ToolSet wraps a HashMap<String, Box<dyn Tool>> and indexes tools by their definition name. This gives O(1) lookup when executing tool calls instead of scanning a list. The builder API auto-extracts the name from each tool’s definition:

#![allow(unused)]
fn main() {
let tools = ToolSet::new().with(ReadTool::new());
let result = single_turn(&provider, &tools, "Read test.txt").await?;
}

match on StopReason

This is the core teaching point. Instead of checking tool_calls.is_empty(), you explicitly match on the stop reason:

#![allow(unused)]
fn main() {
match turn.stop_reason {
    StopReason::Stop => { /* return text */ }
    StopReason::ToolUse => { /* execute tools */ }
}
}

This makes the protocol visible. The LLM is telling you what to do, and you handle each case explicitly.

Here is the complete flow of single_turn():

flowchart TD
    A["prompt"] --> B["provider.chat()"]
    B --> C{"stop_reason?"}
    C -- "Stop" --> D["Return text"]
    C -- "ToolUse" --> E["Execute each tool call"]
    E --> F{"Tool error?"}
    F -- "Ok" --> G["result = output"]
    F -- "Err" --> H["result = error message"]
    G --> I["Push Assistant message"]
    H --> I
    I --> J["Push ToolResult messages"]
    J --> K["provider.chat() again"]
    K --> L["Return final text"]

The key difference from the full agent loop (Chapter 5) is that there is no outer loop here. If the LLM asks for tools a second time, single_turn() does not handle it – that is what the agent loop is for.

The implementation

Open mini-claw-code-starter/src/agent.rs. You will see the single_turn() function signature at the top of the file, before the SimpleAgent struct.
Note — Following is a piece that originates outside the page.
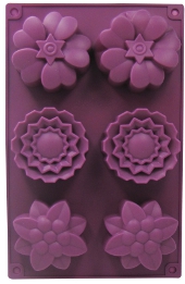 Matériel de fabrication des savonsMoule en silicone à usage cosmétique et alimentaire comportant 12 cavités illustrant des fleurs de formes différentes. Diamètre 2.2...

Step 1: Collect tool definitions

ToolSet has a definitions() method that returns all tool schemas:

#![allow(unused)]
fn main() {
let defs = tools.definitions();
}

Step 2: Create the initial message

#![allow(unused)]
fn main() {
let mut messages = vec![Message::User(prompt.to_string())];
}

Step 3: Call the provider

#![allow(unused)]
fn main() {
let turn = provider.chat(&messages, &defs).await?;
}

Step 4: Match on stop_reason

This is the heart of the function:

#![allow(unused)]
fn main() {
match turn.stop_reason {
    StopReason::Stop => Ok(turn.text.unwrap_or_default()),
    StopReason::ToolUse => {
        // execute tools, send results, get final answer
    }
}
}

For the ToolUse branch:

  1. For each tool call, find the matching tool and call it. Collect the results into a Vec first – you will need turn.tool_calls for this, so you cannot move turn yet.
  2. Push Message::Assistant(turn) and then Message::ToolResult for each result. Pushing the assistant turn moves turn, which is why you must collect results beforehand.
  3. Call the provider again to get the final answer.
  4. Return final_turn.text.unwrap_or_default().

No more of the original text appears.